I think last night and today has been me finally completely breaking down after a month of pushing as hard as I can to stay upright. Between my family falling apart and me feeling down in general due to weather (as much as I love the night, I thrive on the sun... so winter is a bit exhausting for me) and a few other things... just the usual I think, feeling pretty useless in life. Like since I don't have a normal-person job I feel like I'm not contributing to the world or life or anything much. I mean, it's pretty clearly not true... I pay my half of the bills for instance, and I make enough money to get by. But still, it's hard being stuck at home all week. Makes dark thoughts even darker.
And I haven't heard from the VA in weeks, so I have no idea if there are more appointments coming up or if any progress is being made and dear God in heaven what a headache.
But yeah, I just snapped last night. Looking back absolutely nothing triggered it. I was doing just fine, crawled into bed with my love, lay there and just... started crying. At first I had no idea why (and actually I may never have known why) then the more I tried to stop the more I couldn't, and my head went all sorts of horrible places. And I tried but I couldn't stop crying, sobbing. I eventually got up and went into the livingroom (which is when Will came out to be with me, and that did help... as did an episode of Psych before going back to bed)
But this morning, despite it being a new day and my head clearing before I went to bed, it all came rushing back. It's like I have another side to me that just completely takes over, lying to my own mind, telling me all sorts of horrid things and at that moment I'm far too broken to believe anything but that lone voice screaming.

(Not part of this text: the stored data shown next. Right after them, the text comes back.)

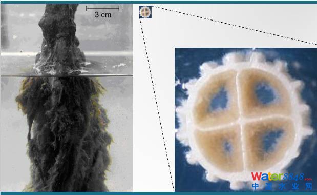 這是一個載體對比,可以看到植物根系成膜是非常是疏松,右邊這個塑料載體成膜就比較薄。根系膜蓬松呈現(xiàn)漂浮狀態(tài),利于氧氣的滲透傳遞,而塑料成膜比較薄切致密,因此氧氣傳遞的效率大大降低。
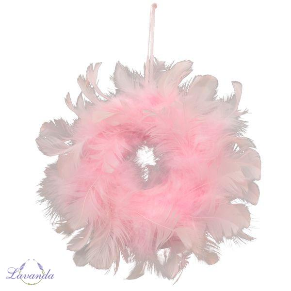 Dekoratívny veniec s pierkami, v ružovej farbe. Rozmer: 10 cm. Cena je za 1 ks.
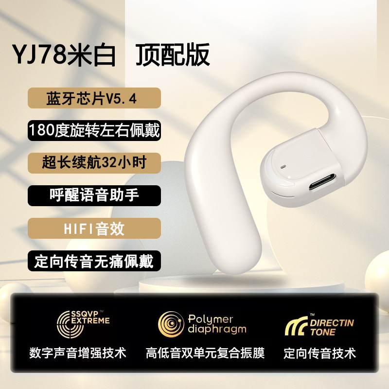 顶配版-米白色【升级蓝牙5.4左右耳佩戴可旋转超长续航ACS立体环绕音效】
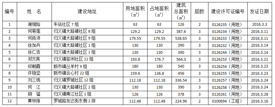 2016年3月份城市规划区私人住宅建设规划许可证发放名单
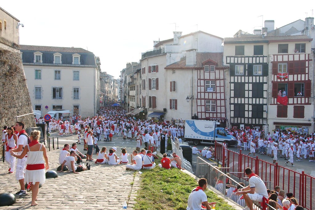 Impossible d’évoquer les férias sans commencer par Bayonne, capitale festive du Pays Basque. Pendant cinq jours, la ville revêt son costume d’apparat : tout le monde en blanc, avec un foulard et une ceinture rouges. Le coup d’envoi est donné depuis le balcon de la mairie, où la foule se presse, impatiente, pour voir tomber les clés de la ville.
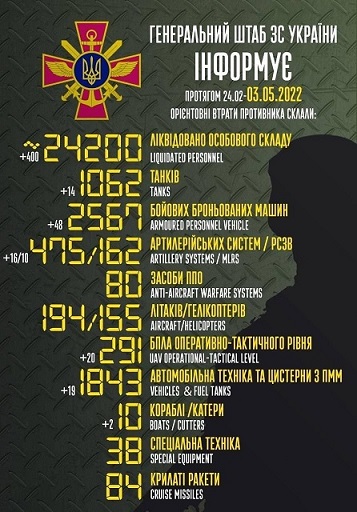 乌克兰国防部在官方推特发文称,自俄罗斯2月24日入侵至5月3日上午6点整,俄军约24200人阵亡,乌军摧毁俄军1062辆坦克、2567辆装甲车、475门火炮系统、162辆多管火箭车、80组防空系统、194架军机、155架直升机、1843辆各式车辆&油罐车、10艘舰艇、291架无人机以及38个特殊设备。
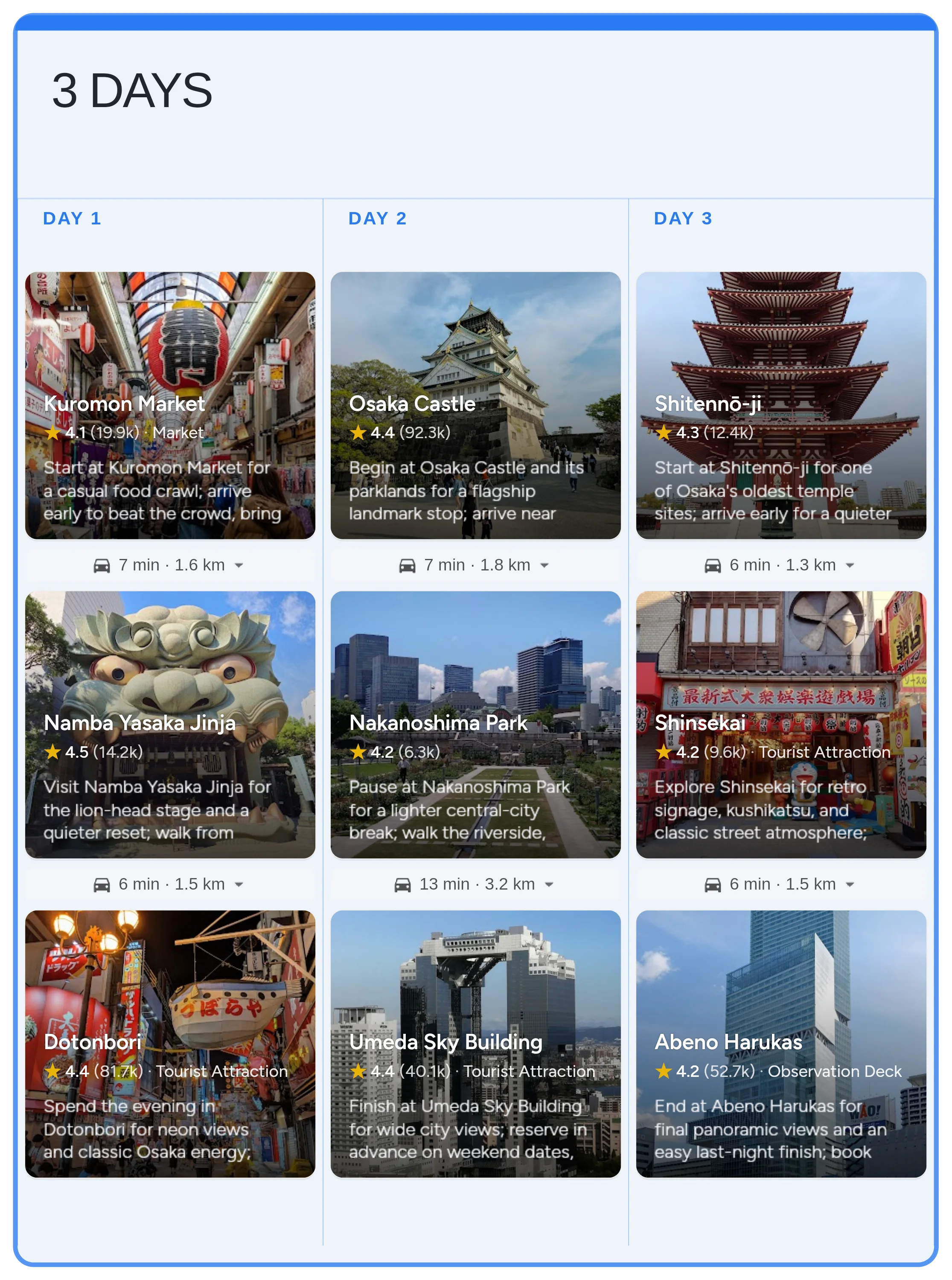 Start with the real Osaka board in Instaboard - mapped stops, day-by-day structure, and live sharing - then tailor the pacing, bookings, and notes to your trip.

Pulling myself out of it again, or trying to. Will is helping, as are many friends who worried. I've stopped crying and my head still feels too heavy but it's clearer than it was an hour ago. It's not a clean start but it's something.
I think next time I'm at the doctor I might see if we can try a new anti-depressant. Since this last dosage-uppage (yeah it's a word) I've been far worse off. It helped the problem the doctor increased it for in the first place (anxiety) but my depression has gotten pretty intense. Sure the stuff with my family happened at the SAME TIME so that's not helping much, but I should feel suicidal at random moments. Not to mention since day one this medication has had some annoying side effects.
I worry about starting something new, but it might be for the best.